The advertising from his campaign has been saying the same thing, and this claim is becoming a fixed element in the talking points of Democratic candidates this year.
The credibility of the charge depends on ignoring several important facts:
-- There has been a great deal of deregulation in our economy over the last 30 years, but none of it has been in the financial sector or has had anything to do with the current crisis. Almost all financial legislation, such as the Federal Deposit Insurance Corp. Improvement Act of 1991, adopted after the savings and loan collapse in the late 1980s, significantly tightened the regulation of banks.
-- The repeal of portions of the Glass-Steagall Act in 1999 -- often cited by people who know nothing about that law -- has no relevance whatsoever to the financial crisis, with one major exception: it permitted banks to be affiliated with firms that underwrite securities, and thus allowed Bank of America Corp. to acquire Merrill Lynch & Co. and JPMorgan Chase & Co. to buy Bear Stearns Cos.
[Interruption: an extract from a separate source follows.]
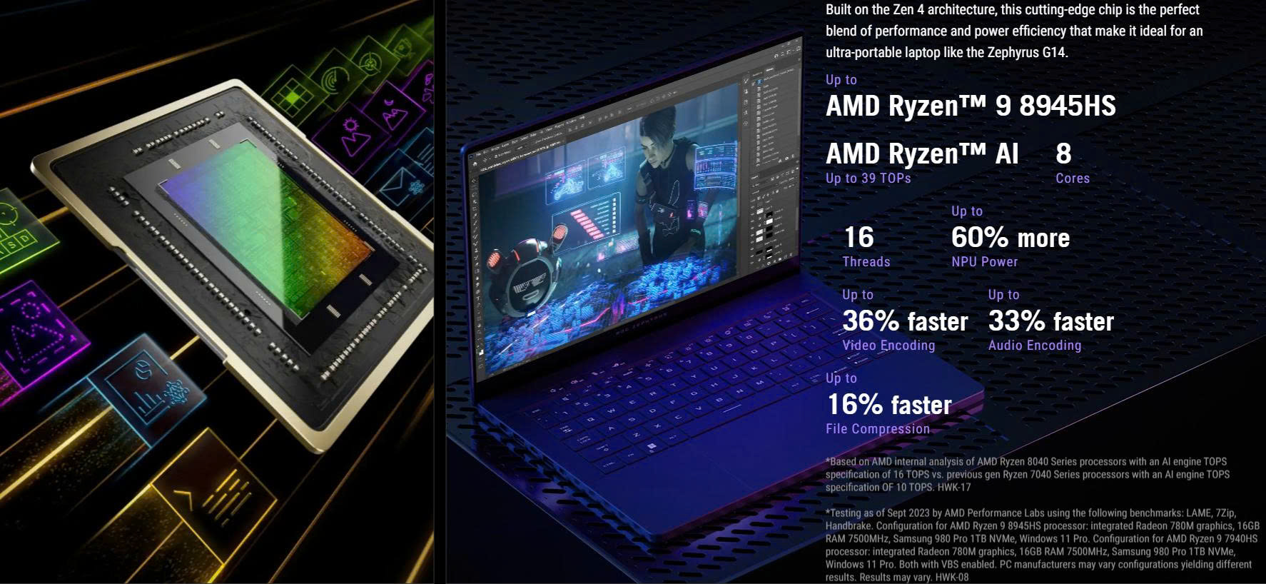 ROG Zephyrus G14 được trang bị CPU AMD Ryzen 9 8945HS, với 8 nhân, 16 luồng, tốc độ xung nhịp tối đa lên tới 5.2GHz và bộ nhớ đệm 24MB. Kết hợp với AMD XDNA NPU, máy hỗ trợ tối đa các tác vụ AI với khả năng xử lý lên đến 16 TOPS, tối ưu hóa hiệu suất làm việc và chơi game.

Both transactions saved the government the costs of a rescue and spared the market substantial additional turmoil.
None of the investment banks that got into financial trouble, specifically Bear Stearns, Merrill Lynch, Lehman Brothers Holdings Inc., Morgan Stanley and Goldman Sachs Group Inc., were affiliated with commercial banks, and none were affected in any way by the repeal of Glass-Steagall.
EDIT: Fannie and Freddie were also exempted from some of the Sarbanes-Oxley Act, passed to force disclosure of more accounting information after Enron failed.